We know Hamas is using starvation as a weapon in the war, but now so too is Israel, and I feel revulsion for that moral failure. The government of Israel is not the nation of Israel, but the government of Israel, led by Prime Minister Benjamin Netanyahu today, deserves our categorical and unequivocal condemnation. There is no justification for the brutality he and his far-right government have inflicted on the Palestinian people, in Gaza or in the West Bank. And not just since October 7—well before it, too, though the level of depravity and lawlessness we are seeing now feels like uncharted territory.
Curiously, those who say these reports are not true are not demanding access to Gaza for journalists, and they seem deaf to the revealing rhetoric. Examples that sharpen my pen include: Israel’s heritage minister claiming that the government “is racing ahead for Gaza to be wiped out”; its defense minister and security minister arguing that no aid should be let into the territory; its finance minister vowing that “not even a grain of wheat will enter the Strip.” And now Netanyahu has announced a military takeover of Gaza City, which most informed commentators understand as a euphemism for the colonization of Gaza. We know the rest of the Gaza Strip and the West Bank are next. What century are we in?
Is the world not done with this far, far-right thinking? We know where it ends—world war, millenarianism. Might the world deserve to know where this once promising, bright-minded but flawed nation, the only democratic nation in the region, is headed unless there is a dramatic change of course? Is what was once an oasis of innovation and freethinking now in hock to a fundamentalism as blunt as a machete? Are Israelis really ready to let Benjamin Netanyahu do to Israel what its enemies have failed to achieve over the past 77 years, and disappear it from membership in a community of nations built around even a flawed decency?

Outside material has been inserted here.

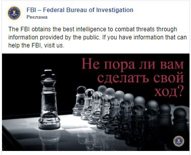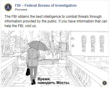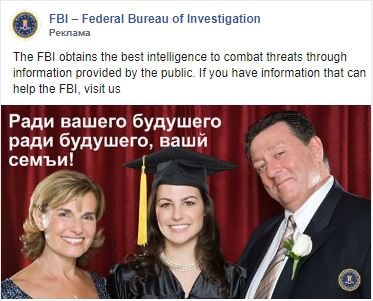 Федеральное бюро расследований (ФБР) запустило в социальной сети Facebook рекламу с картинками на русском языке, с призывом делиться со спецслужбой информацией о возможных угрозах безопасности.
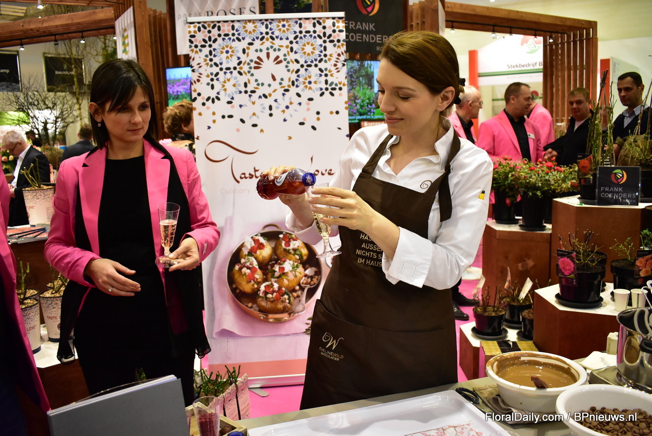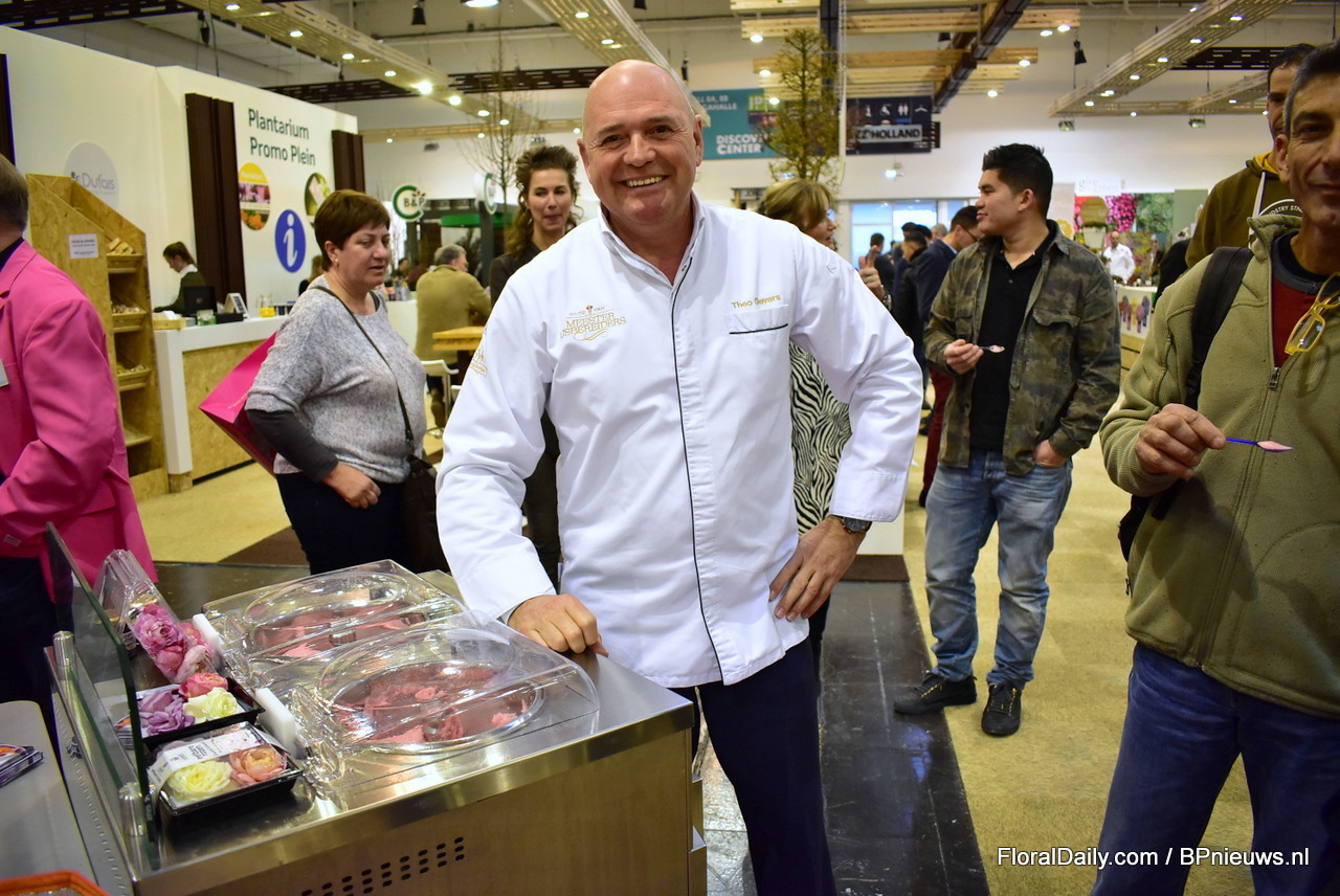 Cook Theo Clevers makes icecream of the edible roses of Pheno Geno.

As someone who has long believed in Israel’s right to exist and supported a two-state solution, I want to make clear—to anyone who cares to listen—our band’s condemnation of Netanyahu’s immoral actions and to join all who have called for a cessation of hostilities on both sides.
If you will not listen to Irish voices, then please, please, please stop and listen to Jewish ones—from the high-mindedness of Rabbi Sharon Brous to the tearful comedy of the Grody-Patinkin family—who fear the damage to Judaism, as well as to Israel’s neighbors. Listen to the more than 100,000 Israelis who protested in Tel Aviv this week for an end to the war. Listen to the hundreds of retired Israeli generals and intelligence leaders who say that Netanyahu has gone too far.
Our band stands in solidarity with the people of Palestine who truly seek a path to peace and coexistence with Israel and with their rightful and legitimate demand for statehood. We stand in solidarity with the remaining Israeli hostages and plead that someone rational negotiate their release—maybe someone like the imprisoned Marwan Barghouti, whom a former head of the Mossad, Efraim Halevy, described as “probably the most sane and the most qualified person” to lead the Palestinians
Our band has pledged to contribute our support by donating to Medical Aid for Palestinians. We urge Israelis, the majority of whom did not vote for Netanyahu, to demand unfettered access by professionals to deliver the crucial care needed throughout Gaza and the West Bank that they best know how to distribute, and to let enough trucks through. It will take more than 100 trucks a day to seriously address the need—more like 600—but the flooding of humanitarian aid will also undercut the black marketeering that has benefited Hamas.
Wiser heads than mine will have a view of how best to accomplish this, but surely the hostages and Gazans alike deserve a different approach—and quick.